My Thoughts on the Growth Mindset

 The growth mindset provides an important framework in re-evaluating what it means to learn. Dr. Dweck is right when she asserts the the current education system drives students to chase grades and achievements rather than challenges. Learning has become a sort of performance to show that students are competent with the material, but it fails to challenge the students in a meaningful way. When students become fixated on grades and face failure, they see themselves as the problem. A growth mindset focuses on confronting challenges with growth and development, rather than viewing these challenges as a metric to determine their competency. For example, some difficult math problems can be viewed as an unnecessary punishment for students who view homework as the end itself, or it can be seen as a challenge to try and develop their skills through the growth mindset. By engaging with the material, students with a growth mindset are more capable of tackling challenges and addressing disparities.
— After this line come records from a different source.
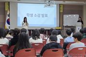 시민행정신문 기자 | 충청북도교육청 직속기관 국제교육원 부설 영재교육원은 11월 3일과 4일, 충주와 청주에서 각각 영어영재교육 수료식을 열고, 2025학년도 교육과정을 성공적으로 마무리했다. 초등학교 5학년부터 중학교 2학년 영어영재교육 참여 학생 68명(충주 36명, 청주 32명)을 비롯해 보호자와 담당 교사가 참석해, 한 해 동안의 성과를 함께 나누는 시간을 가졌다. 교육활동 동영상 시청을 시작으로, 학생들의 수료 소감 발표, 수료증 수여 등의 순서로 진행됐으며, 학생 발표 시간에는 큰 호응이 이어졌다. 탄금중학교 1학년 이하율 학생은 “매주 원어민 선생님들과 영어로 학습할 수 있어 유익하고 즐거운 시간이었어요. 벌써 종강이라 아쉽고, 내년에도 꼭 참여하고 싶어요.”라며 소감을 전했다. 올해 영어영재교육은 ▲원어민 교사와 함께하는 영어 수업 ▲리더십‧진로‧세계시민교육 특강 ▲유네스코 아시아태평양 국제이해교육원, 국립외교원 방문 등 현장 체험 학습 ▲충북 청소년 국제포럼 등 다양한 경험을 할 수 있는 과정으로 운영됐다. 참가 학생들은 환경, 사회와 법, 문학, 뉴스와 대중매체, 인
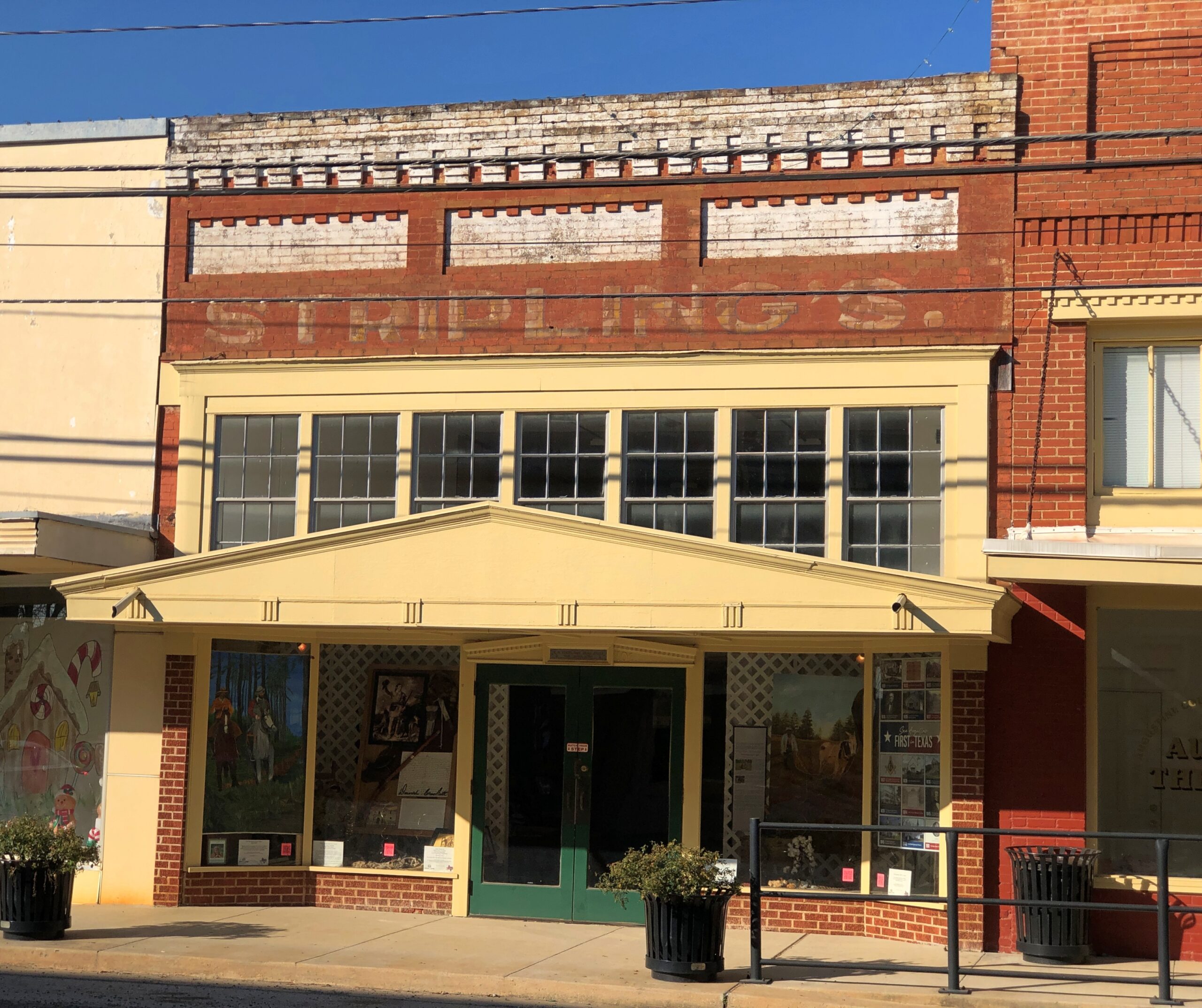 “The original town well was dug by slaves on this site in 1860, and a saloon was built over it in 1891,”says the Society of Architectural Historians. “The First National Bank acquired the property, filled in the well, and commissioned this building. Raif Stripling purchased the building several years later and reopened the well as a tourist attraction. In 2003, the San Augustine Historical Foundation bought the property, which is now operated as a gift shop. The entrance canopy’s curious pediment with miniature triglyphs was added to his father’s building by Raiford Stripling.”
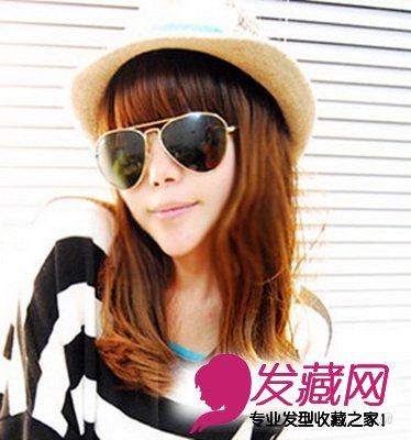,青春洋气,盖住眉毛的齐刘海巧妙减龄,搭配礼帽和墨镜酷酷的潮范儿味道十足。
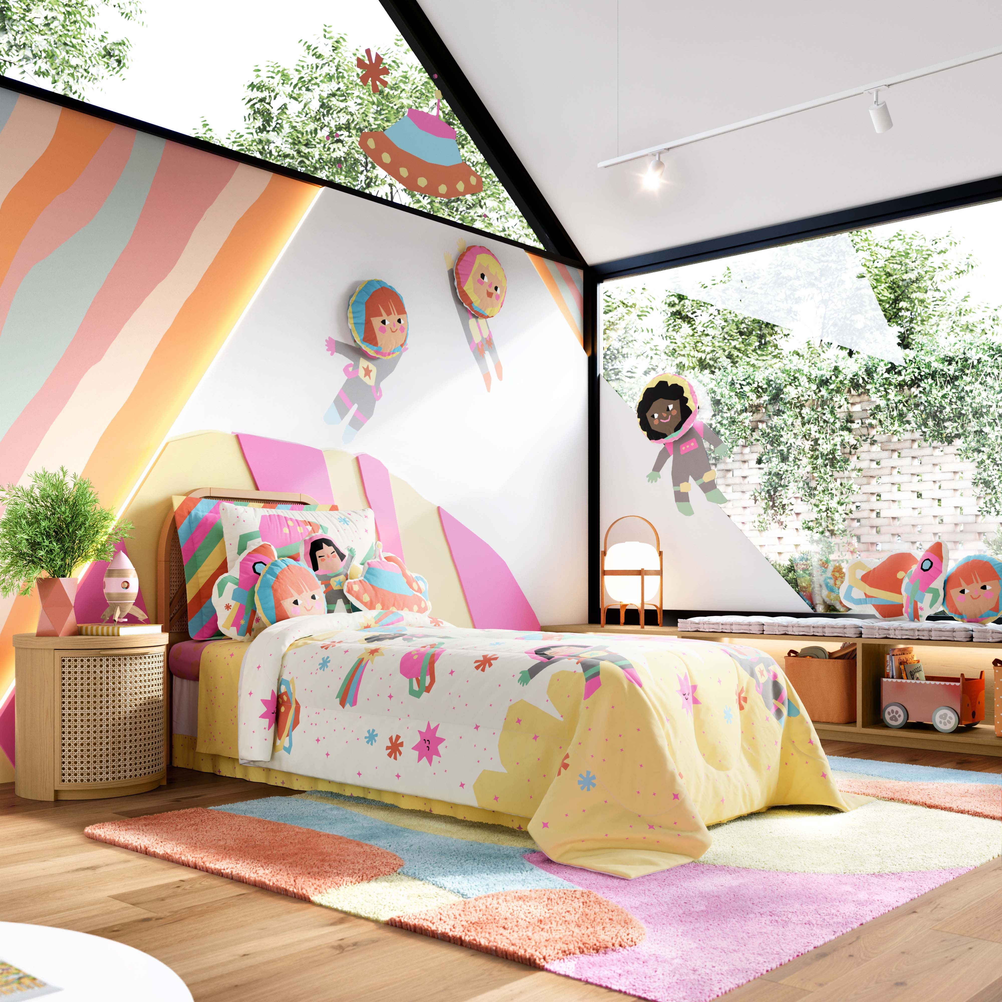 A peça traz estampas inspiradas no espaço sideral. Planetas coloridos e estrelas brilhantes em cores neon, adicionam um toque divertido, moderno e tecnológico ao quartinho.
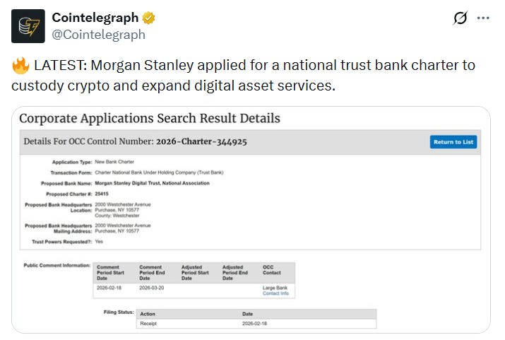 📜 Morgan Stanley Seeks OCC Charter for Crypto Custody: The global financial services company has filed an application with the Office of the Comptroller of the Currency (OCC) on February 18 for a de novo trust bank charter, called the “Morgan Stanley Digital Trust, National Association.” If approved, the new regulated crypto-native custodian will directly compete with industry-leading institutional crypto custodians like BitGo and Fidelity Digital Assets. The new full-service crypto platform plans to offer custody, trading, swaps, transfer, and fiduciary staking services under one roof.

I found this mindset to be essential for the real world; while the current education system remains broken, it's important to view difficulty as a challenge to overcome and grow from, rather than obsessing over the outcomes. It'll allow students to develop grit and be more adaptable when facing real-world challenges, and the growth mindset emphasizes learning as a continual process.

 

A meme of a cat with a growth mindset. Source: Mindset Cats Blog

One of Dr. Dweck's critics, Dave Paunesku, takes a similar stance in recognizing the dysfunctional nature of the current system. However, Dr. Paunesku points out that the idea of challenge and grit can become a metric within the system. He states that teachers may use the idea of a fixed vs. growth mindset to label students as deficient. I'd have to agree with Dr. Paunesku's critiques in using a growth mindset to address disparities. While it's significant to incorporate and employ this framework on an individual level, structural change is necessary to address resource gaps and effectively fix inequalities. A student can incorporate a growth mindset and see difficulties as one to overcome, but a school lacking in resources can only provide so many outlets for growth. It's crucial to apply the growth mindset while recognizing the resource gap so many students face. Likewise, it's important to analyze the dynamic between both factors; those schools that are struggling to make ends meet often obsess over tests and scores in order to secure funding and prove their worth. As a result, students would be forced to use education as a performance rather than an opportunity to grow.

Comments

  1. Hi Ish! I think this is a really insightful, well-balanced analysis. The growth mindset is an ideal to strive for, but ideals can only be realized in ideal conditions, which is definitely not the case in most of the country. In Oklahoma, teachers get paid so little and schools have such low funding that implementing a new curriculum and providing training/equipment would be impossible. I hope this can be fixed in the future.